Laura Noble (born 1974) is an English writer, gallerist and artist.

Writing
Laura Noble has written for numerous publications including The Observer, Next Level, Foam, Snoecks and Image magazines. She was a regular columnist in London Independent Photography and Editor-at-large for Photoicon Magazine. She has written for a number of monographs and is the author of The Art of Collecting Photography.

Diemar/Noble Photography
In 2009, after several years at The Photographers' Gallery she established the Diemar/Noble Photography Gallery in London. The gallery stocked and exhibited photography from the medium's early masters to contemporary work. In 2010, it was selected as the host gallery for the Prix Pictet commission by Ed Kashi. In the same year, Time Out called Diemar/Noble "one of the capital's top spots for photography."  The gallery closed in August 2012.

L A Noble Gallery
Noble founded L A Noble Gallery in September 2012. She is the sole director of the gallery which is predominantly focused on contemporary photography.

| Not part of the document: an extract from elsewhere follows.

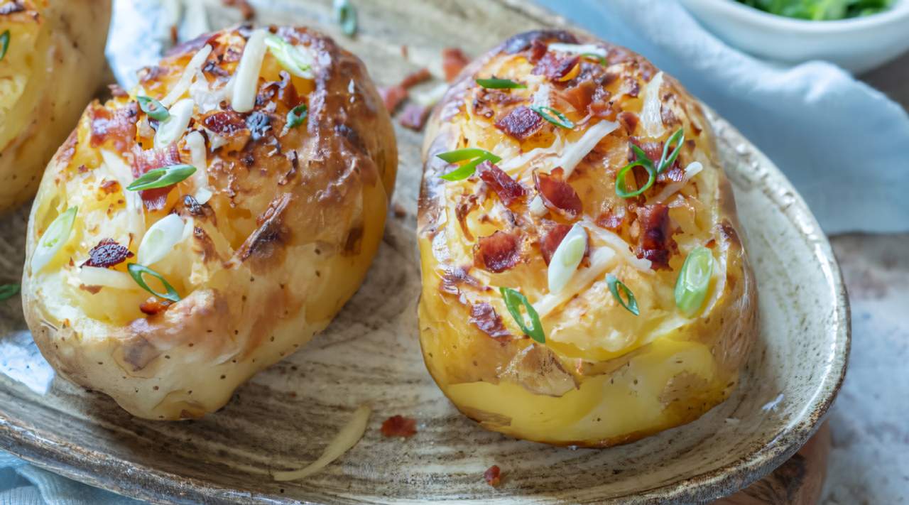 Patata horneada a baja temperatura, bacon, queso gratinado y salsa a elegir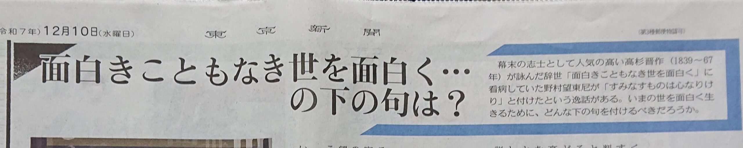 【面白き事も無き世を面白く】 改革 2025年12月13日 Updated: 2025年12月15日 By 中川 ひろし シェア FacebookTwitterPinterestWhatsApp 【面白き事も無き世を面白く】 世の中で1番好きな句だと思う 高杉晋作 病で28才で亡くなった句。私がこの世に居る間、念仏のように何度も唱える事に絶対なる。 📺コーヒーCM☕のフレーズより、こっちが好き💛。29才以上の皆さん、頑張りましょ✌。👧28才以下👨の若い人が、何とかなるように。 私を応援して下さっている皆さま当サイトは『都道府県議会議員アクセスランキング 』に参加しております。 1日1回ご覧になった時に、上の「政治家」バナーをポチッと押して頂けると、他の県の議員などの目に触れて、活動に相乗効果が生まれるので、クリックをお願い致します! 中川 ひろしhttp://www.hiroshinakagawa.jpブログランキング参加中!応援よろしくお願いします → にほんブログ村 ・ 人気ブログランキング シェア FacebookTwitterPinterestWhatsApp Latest news 福祉 📷市内 障がい者団体の🎅クリスマス会🎄 中川 ひろし - 2025年12月15日 改革 運行情報をネットでご確認下さい 中川 ひろし - 2025年12月15日 地域振興 『📷ハリーポッター』が来てくれました 中川 ひろし - 2025年12月15日 改革 埼玉県庁の自殺対策は、大変 にぶいので、具体策を求めています 中川 ひろし - 2025年12月14日 Related news 福祉 📷市内 障がい者団体の🎅クリスマス会🎄 中川 ひろし - 2025年12月15日 改革 運行情報をネットでご確認下さい 中川 ひろし - 2025年12月15日 地域振興 『📷ハリーポッター』が来てくれました 中川 ひろし - 2025年12月15日 改革 埼玉県庁の自殺対策は、大変 にぶいので、具体策を求めています 中川 ひろし - 2025年12月14日

She continues to consult and curate external exhibitions including Robert Clayton's Estate at the Library of Birmingham.

FIX Photo Festival 
FIX Photo launched in 2016, a free exhibition of photography produced and curated by Noble. FIX Photo is an annual event, with curator led tours, artist talks, film screenings and a programme of workshops. The 2017 edition of FIX Photo included 23 artists, with "over 300 pieces showcased along ten rooms and four floors". It was curated in response to the consequences of the dramatic political shifts of 2016.

The British Journal of Photography described the show as mixing 'well-established photographers with little-known or emerging artists, and is gathered into four categories – identity, community, harmony & unity, and environment'. This year also saw the first FIX Photo Festival Awards, an open competition judged by Noble, Chris Steele-Perkins, photographer Lottie Davies and Digital Camera Magazine editor, Ben Brain.

Lectures and appearances
Noble is a visiting lecturer at Kingston University (2014–present), University of Westminster (2010–present), Falmouth University (2011–present) and Sotheby's Institute of Art, London (2013–present). She has delivered seminars on collecting photography at The National Museum of Warsaw (2015), Foam Amsterdam (2013), Glasgow Art Fair (2008) and at Fundacio Foto Colectania, Barcelona.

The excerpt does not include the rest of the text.